Poorly governed NHIs often retain more access than they need and keep credentials active long after the original task changes. That combination gives attackers a durable foothold for moving between systems, especially when the identity is undocumented or shared across workflows. The risk rises when no one can quickly prove whether the access is still legitimate.
Why This Matters for Security Teams
lateral movement risk rises when an NHI can be reused outside the narrow task it was meant to serve. Excess privilege, shared credentials, and weak lifecycle controls turn a single compromised service account, API key, or token into a bridge across applications, cloud workloads, and data stores. The issue is not just exposure, but duration: once an attacker finds a valid identity, they can often blend into normal machine traffic and pivot without triggering the controls built for human users.
That is why governance is a containment problem as much as an access problem. The Ultimate Guide to NHIs notes that 97% of NHIs carry excessive privileges, and that scale makes lateral movement far easier than most teams expect. Current guidance from the NIST Cybersecurity Framework 2.0 still points to strong access control, asset visibility, and continuous monitoring as core safeguards, but those controls only work when the NHI estate is known and owned.

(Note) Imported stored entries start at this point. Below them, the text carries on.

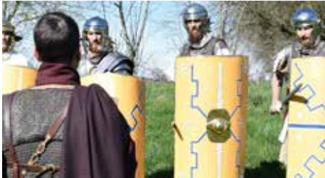
Entraînement des légionnaires romains à la fin du 1 er siècle. Ausbildung römischer Legionäre am Ende des 1. Jahrhunderts.

Guerres Historiques ist ein Verein mit Sitz in Drusenheim im Unter-Elsass. Er besteht aus Freiwilligen, die sich für Geschichte mit Begeisterung interessieren. Ihre Aktivitäten umfassen mehrzeitige historische Rekonstruktionen, archäologische Forschungen, archäologische Experimente, Erhaltung und Bewahrung des Erbes, aber auch Ausführungen in der Öffentlichkeit zur Vermittlung von Wissen und zur Entdeckung der Geschichte.
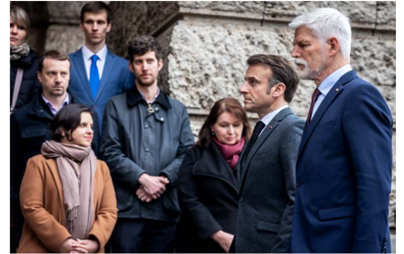
březen & duben 2024 Památku obětí tragédie uctila i řada světových státníků. Květiny u budovy Filozofické fakulty položili francouzský prezident Emmanuel Macron (5. 3.), dosluhující prezidentka Slovenska Zuzana Čaputová (18. 3.) nebo prezident Německa Frank-Walter Steinmeier (29. 4.).
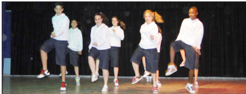
Grupo de Dança Corpo e Movimento
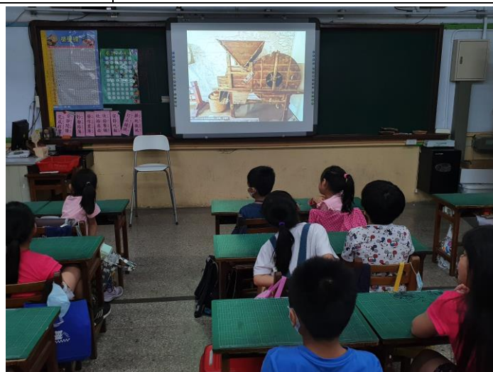
介紹客家用品(圖片教學)
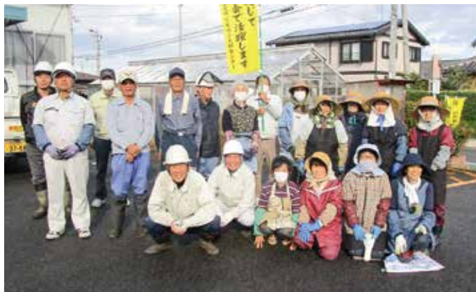
岸本老人福祉センターや岸本公民館での奉仕作業に参加した岸本地区の皆さん
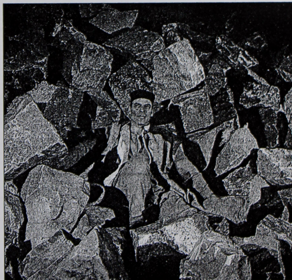
Das Gilgamesch-Epos ist uralt, fast so alt wie die Steine im Steinbruch Guber.

► Verpflegung: Vor und nach der Aufführung wird im Restaurant Guber eine einfache Mahlzeit serviert.
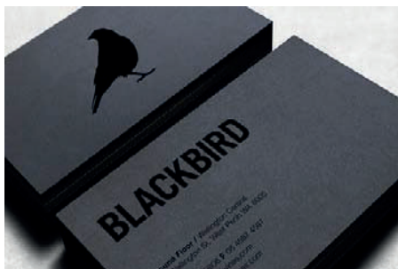
Nero lucido su nero opaco
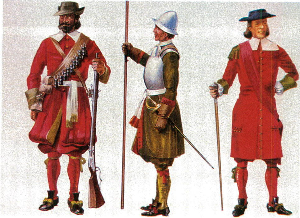
Uniforms van die Britse infanterie in 1670. Van links na regs 'n musketeer – 'n piekdraer en 'n tamboermajoor.
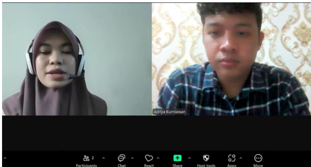
Gambar 7 Wawancara Dengan Pustakawan
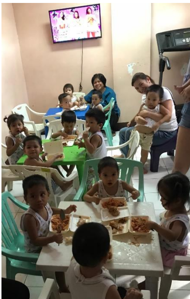
Le groupe des "grands" au repas de midi
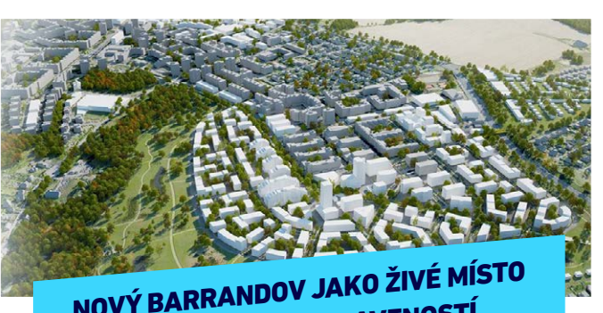
NOVÝ BARRANDOV JAKO ŽIVÉ MÍSTO S POTŘEBNOU VYBAVENOSTÍ

Opravujeme chodníky i tam, kde to nezdává TSK a hlavní město:
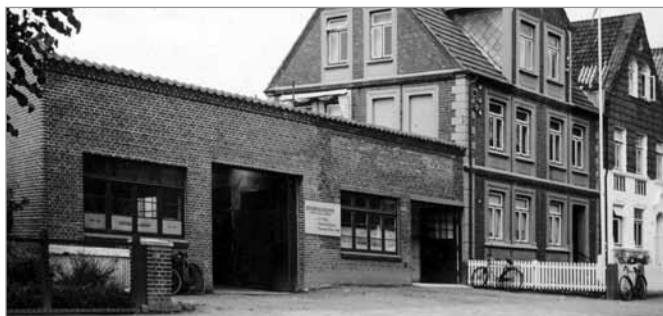
Værkstedet på Kongevej efter udvidelsen
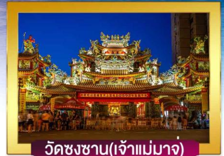
วัดชงซาน(เจ้าแม่มาตุ)
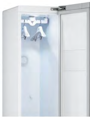
シンプルケアモデル

In practice, many security teams encounter lateral movement only after an attacker has already chained one valid machine identity into several internal systems.
How It Works in Practice
Poor governance creates movement paths in three ways. First, the identity itself is often over-permissioned, so one secret unlocks more systems than the workload needs. Second, secrets stay valid too long, which means the attacker can wait, retry, and pivot without racing a short expiry window. Third, ownership is unclear, so no one can confidently revoke or reissue access when behaviour changes.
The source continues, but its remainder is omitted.